Zonal Statistics for 4 selected land use categories show overall similar results to the analysis of the entire area of study - Forested land shows a better recovery compared to vegetation in other settings. It showed the fewest declines in vegetation health. Agricultural lands show a greater decrease in vegetation & vegetation health, but this may also be due to development or declining use of these lands for solely agricultural purposes. Residential areas show an overall increase, with areas of single family homes seeing more improvement in overall vegetation health. Multi-family and apartment building zoned areas may see a decline because they typically don't have large lawns to maintain, and it may be less of a priority for owners who rent vs live in their apartments. Overall, I believe this analysis showed results that met my expectations (measuring and overall decline or increase in vegetation health) but this type of analysis is better suited for examining a large area in aggregate. Examining areas by land cover classification was interesting, but too large-scale to show an overall trend. The most recently available land cover data is from 2015, rapid development in the area can change the results.
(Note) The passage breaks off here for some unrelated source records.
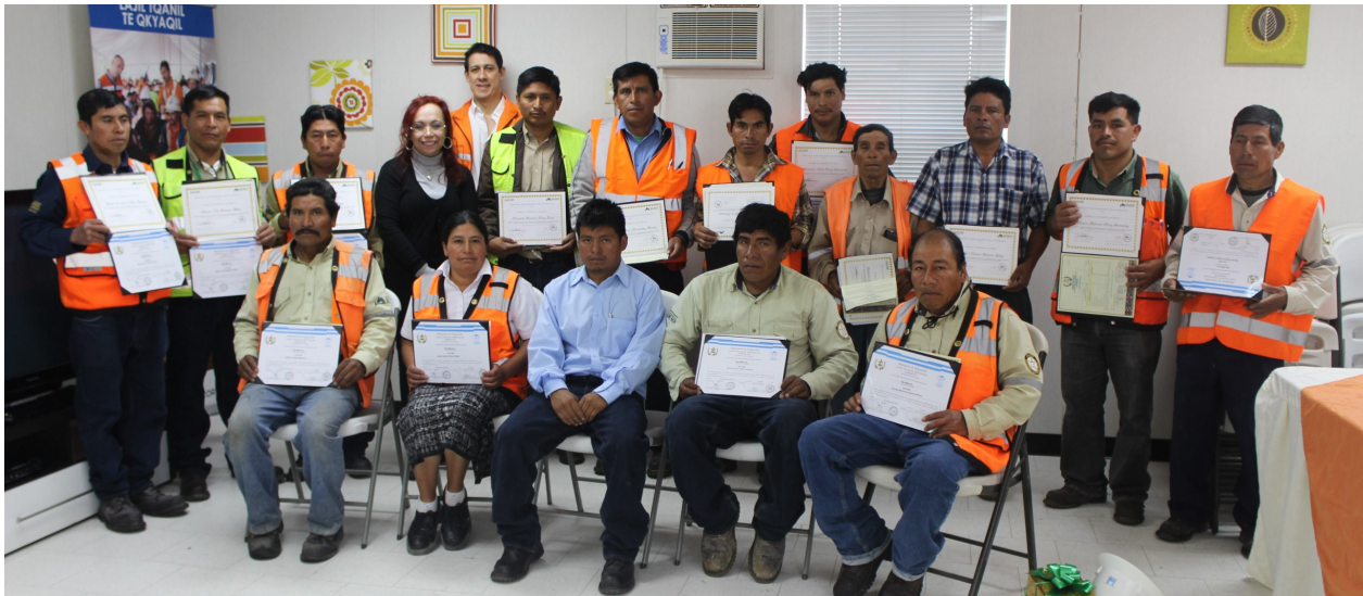
18 colaboradores de Marlin culminaron la segunda etapa de alfabetización, equivalente a completar la educación primaria.

Con el cierre del ciclo escolar de este año, 42 trabajadores de la mina vieron cumplidos sus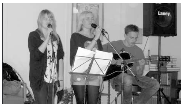
Flickorna sjöng bra och gitarristen var suverän.

Juridiken ”krävde” en kaffepaus och sedan kom en grupp elever från Karlbergsskolan och sjöng och spelade för oss. Det var elever från årskurserna 7 – 9 och de bildade flera olika grupper om 2 eller 3.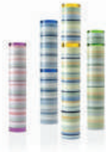
Görsel 7. Julie Bartholomew, “Antropojenik Katmanlar (Anthropogenic Scrolls)”, 2018, Atılmış porselen ve dökme cam - 4’lü set, 90x18 cm, 110x18 cm, 128x18 cm, 100x18cm.

çekirdekleriyle anlatmaktadır. “Buz çekirdekleri, yıllık kar yağışı nedeniyle sürekli artan buz kütlelerine sahip olmalarından kaynaklı fantastik birer arkeolojik kayıt kaynağıdır. Bu da şu anlama gelir; herhangi bir yılda atmosferde neler olduğu bir buz katmanına bakarak anlaşılabilir” (Akçay, 2018). Julie Bartholomew’ın eserindeki renkli sırlarla oluşturduğu yatay çizgilerden oluşan katmanlar binlerce yıl boyunca yeryüzünde meydana gelen antropojenik değişiklikleri ve Avustralya Antarktika Toprakları’ndaki buzullardan çıkarılan, gerçek buz çekirdeklerinden toplanan bilimsel verileri tanımlar. Cam ve seramiğin yarı saydam nitelikleri, Antarktika’nın buzulları ve buz yatakları içinde gizlenmiş iklim değişikliğinin görünür kanıtlarını ortaya koymaktadır (Bartholomew, 2018) (Görsel 7).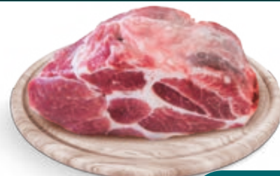
COPPA DI SUINO SENZ'OSSO AL KG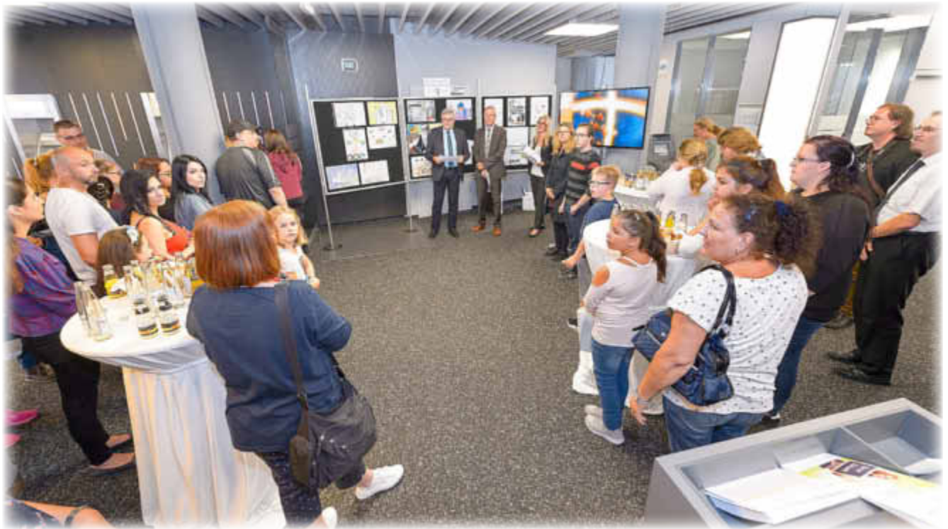
Preisverleihung „jugend creativ“ in der Schalterhalle der VVB in Sulzbach

Beim 48. Internationalen Jugendwettbewerb „jugend creativ“ der Volksbanken stehen die diesjährigen Gewinner auf Orts- und Landesebene fest. Das Thema „Erfindungen verändern unser Leben“ bot den jungen Künstlern viele Möglichkeiten. Sie haben ihre kreativen Erlebnisse auf wunderschön gemalten Bildern festgehalten und beeindruckten die Jury durch ihre fantasievolle Umsetzung des Themas.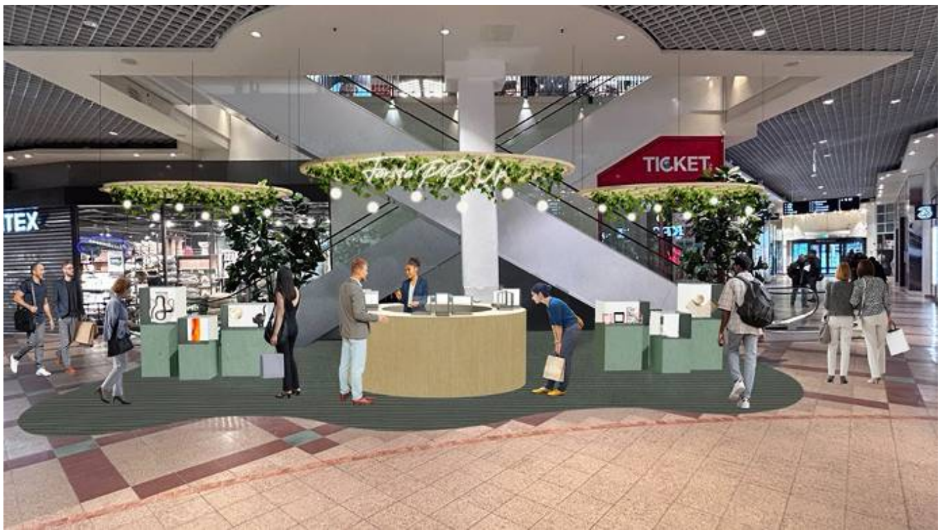
Farstaplan 15, Farsta Centrum, Farsta - Butik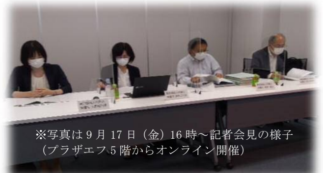
※写真は9月17日(金)16時～記者会見の様子(プラザエフ5階からオンライン開催)

http://www.coj.gr.jp/trial/topic_210917_01.html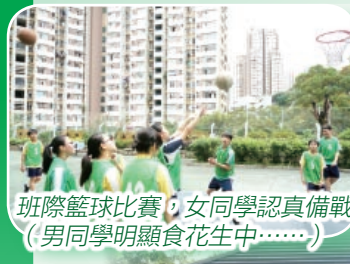
班際籃球比賽，女同學認真備戰！ (男同學明顯食花生中……)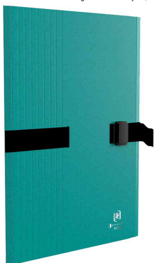
Chemise extensible à sangle Bicolor Recyc+, vert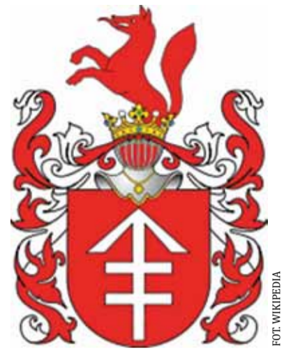
Herb rodu Mzura (Lis)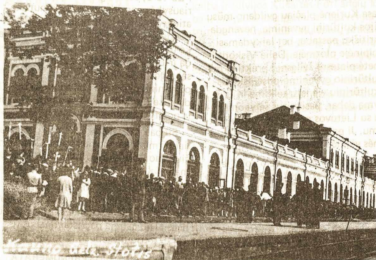
Kauno geležinkelio stotis Nepriklausomybės metais.

CIRURGIĀ DENTISTA CIRANÇAS E ADULTOS PREVENÇÃO E TRATAMENTOS ODONTOLOGICO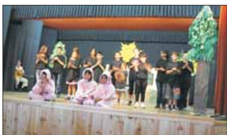
Az előadás záróképe

Negyedik alkalommal hirdette meg az országos gyermek művészeti fesztivált a Kálmán Lajos Óvoda, Általános Iskola és Művelődési Ház Hetényegyházi Művelődési Háza és a Webszínház. A Dalmady Győző Óvoda, Általános Iskola és Egységes Gyógypedagógiai Módszertani Intézmény 21 diákját felvonultató darabjával, „A három kismalac és a farkas” cí-

It is difficult to quantify exactly where the increases and decreases are coming from, so visual inspection of the results led to more conclusions about the trend between the two years. Additionally, measuring NDVI between the 2 years may capture changes other than vegetation health differences (development), so analysis using just NDVI won't produce accurate results using this methodology.

In [1]:

import rasterio
from rasterio import plot 
import matplotlib.pyplot as plt
import numpy as np
import os
%matplotlib inline

This graphic from the state of New Hampshire Drought Monitoring website shows that much of the state was in a moderate to severe drought during 2017.

In [2]:

# load the 2 images into rasterio
naip2016 = r'D:\NHLandcover\m_4307049_ne_19_h_20160706.tif'
naip2018 = r'D:\NHLandcover\m_4307049_ne_19_060_20181016_20190225.tif'

# Open the tif files using rasterio
src2016 = rasterio.open(naip2016)
src2018 = rasterio.open(naip2018)

In [3]:

# Plot the two years using rasterio plot.show()
plot.show(src2016)
plot.show(src2018)

Out[3]:

<AxesSubplot:>

In [4]:

def openNAIP(nfile):
    # Use rasterio to select imagery bands, and then calculate NDVI using numpy
    with rasterio.open(nfile) as src:
        red = src.read(1).astype('float64')
        nir = src.read(4).astype('float64')
        
        #calculate ndvi values
        ndvi = np.where((nir+red) == 0, 0, (nir-red)/(nir+red))
        return ndvi

def getCRS(nfile):
    #with rasterio.open(nfile) as src:
    #incrs = src.crs
    from osgeo import gdal
    incrs = gdal.Open(nfile).GetProjectionRef()
    return incrs

In [22]:

# Save the ndvi for each year
calc2018 = openNAIP(naip2018)
calc2016 = openNAIP(naip2016)

In [6]:

# Use numpy to reclassify the NDVI values into healthy vegetation vs non-healthy/non-vegetation
def reclassify(raster):
    # Reclassfy values
    # 0: No Vegetation, 1: Vegetation
    global img
    img = raster
    img[img>.2] = 1
    img[img<=.2] = 0
    return img

In [7]:

# Store the results
reclass2018 = reclassify(calc2018)
reclass2016 = reclassify(calc2016)

In [8]:

# change the values of 2019 to identify where change has occured 
#(2=No change, 1=increase, 4=decrease, 3=No change )
change = ((reclass2018 + 1) * 2) - reclass2016

In [9]:

# Quick view - What percent of the values in the image changed?
print(round(np.count_nonzero(change == 1)/np.count_nonzero(change),3)*100, "Percent increased")
print(round((np.count_nonzero(change == 2)+np.count_nonzero(change == 3))/np.count_nonzero(change),3)*100, "Percent no change")
print(round(np.count_nonzero(change == 4)/np.count_nonzero(change),3)*100, "Percent decreased")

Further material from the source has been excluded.